When it comes to evangelism, there’s one commandment of Christ most of us obey: “Go and tell no one” (Mk 1:44).
Mark Shea is Senior Content Editor for Catholic Exchange. You may visit his website at www.mark-shea.com check out his blog, Catholic and Enjoying It!, or purchase his books and tapes here.
The Word Became Ears
That's because we think evangelism is a lecture, and we're no lecturers. After all, evangelists are always portrayed as stump orators proclaiming something called the Good News to silent, absorbent hearers. So we think of evangelism as something we do to people and the Good News as an set of abstract “truths of the Faith.” And, of course, since most of us don't like the thought of haranguing a crowd and don't feel as though we have all these “biblical concepts” down, we figure we're just not cut out for the evangelism thing.
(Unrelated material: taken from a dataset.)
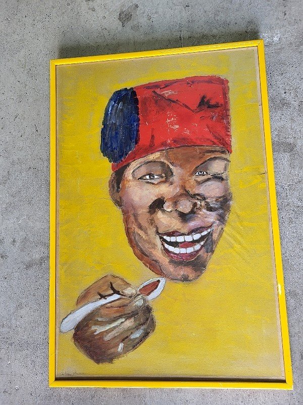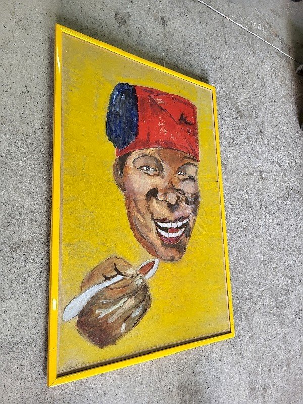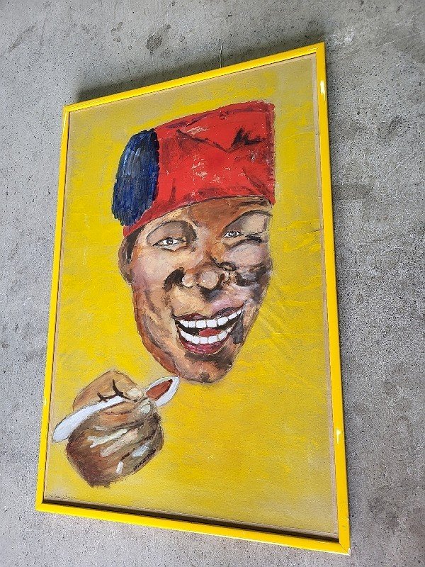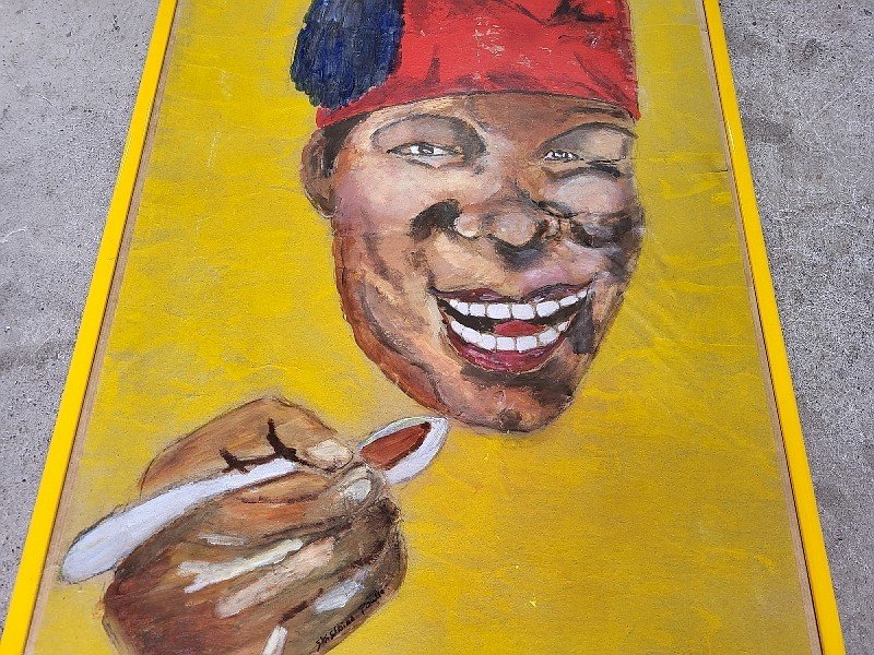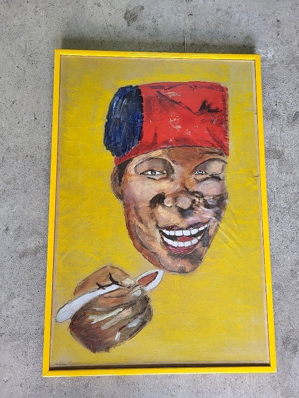 Superb painting Banania signed by Skistaine Poulle, it is in good condition with just a few small blisters from the glue. It is an oil painting on paper glued to canvas. The frame measures 53 cm wide by 78.5 cm high, and the painting measures 49 cm wide by 74.5 cm high. Type: Oil. Features: Framed, Signed, On canvas. Theme: Character.

But what, precisely, are these “biblical concepts” evangelists are supposed to preach? Many would answer, “Well, the Scripture or the teachings of the Gospel.” Yes, but what do these say? They are not merely words about words, they are words about the Word made Flesh (Jn 1:14). That is, according to the very Gospel we are supposed to preach, when God did His great work of evangelism, He chose, not to give us a handy-dandy leaflet of “biblical concepts,” but to become human and share in His own body what it is to be born, to live, to die and to rise in triumph in the person of Jesus Christ.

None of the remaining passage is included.